Brief » Repeat exactly the lines of the material below that run from the "Ta barvit vrtnarski" line to the "생체인식 보안기술의 발전으로" line, including both, and do not carry over any pictures.

═══ Data under study

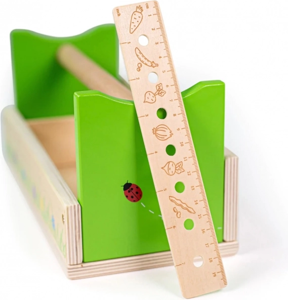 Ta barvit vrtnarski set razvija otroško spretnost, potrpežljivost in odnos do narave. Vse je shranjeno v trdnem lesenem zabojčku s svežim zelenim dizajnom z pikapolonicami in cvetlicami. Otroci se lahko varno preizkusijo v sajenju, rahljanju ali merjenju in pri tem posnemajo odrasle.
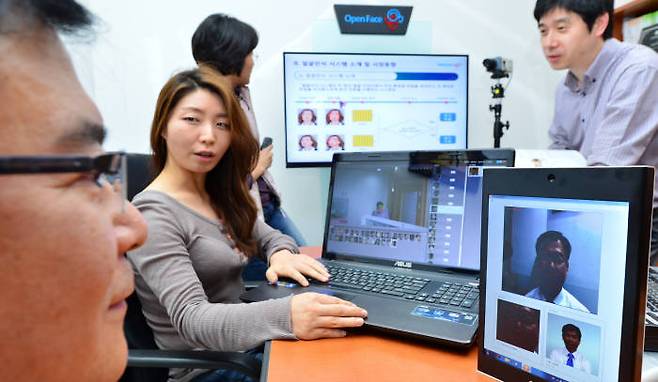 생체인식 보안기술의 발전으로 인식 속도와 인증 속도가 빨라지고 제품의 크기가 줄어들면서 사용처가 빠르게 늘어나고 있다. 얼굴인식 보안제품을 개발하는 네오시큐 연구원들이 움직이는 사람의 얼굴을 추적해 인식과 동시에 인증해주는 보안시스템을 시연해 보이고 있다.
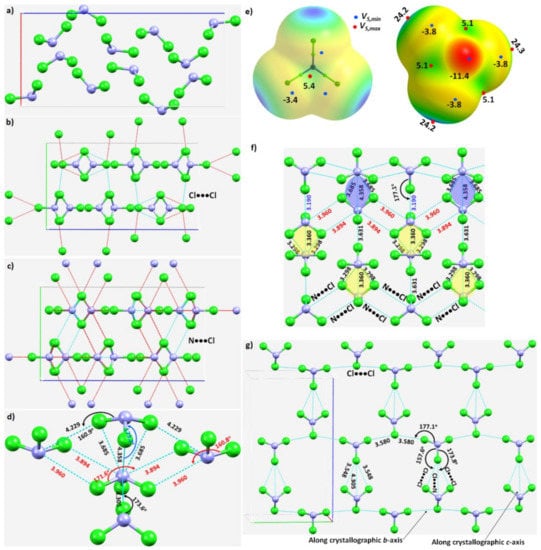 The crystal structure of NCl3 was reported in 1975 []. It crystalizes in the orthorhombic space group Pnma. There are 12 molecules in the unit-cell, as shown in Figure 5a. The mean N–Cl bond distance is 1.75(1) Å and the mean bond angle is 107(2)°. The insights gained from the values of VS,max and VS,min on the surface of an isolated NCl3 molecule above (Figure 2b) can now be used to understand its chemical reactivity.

══════
═══ Data under study

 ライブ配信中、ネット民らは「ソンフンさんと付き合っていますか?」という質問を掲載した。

══════
═══ Data under study

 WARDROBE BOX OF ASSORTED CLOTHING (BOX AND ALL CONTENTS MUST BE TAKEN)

══════

Task output »
 Ta barvit vrtnarski set razvija otroško spretnost, potrpežljivost in odnos do narave. Vse je shranjeno v trdnem lesenem zabojčku s svežim zelenim dizajnom z pikapolonicami in cvetlicami. Otroci se lahko varno preizkusijo v sajenju, rahljanju ali merjenju in pri tem posnemajo odrasle.
 생체인식 보안기술의 발전으로 인식 속도와 인증 속도가 빨라지고 제품의 크기가 줄어들면서 사용처가 빠르게 늘어나고 있다. 얼굴인식 보안제품을 개발하는 네오시큐 연구원들이 움직이는 사람의 얼굴을 추적해 인식과 동시에 인증해주는 보안시스템을 시연해 보이고 있다.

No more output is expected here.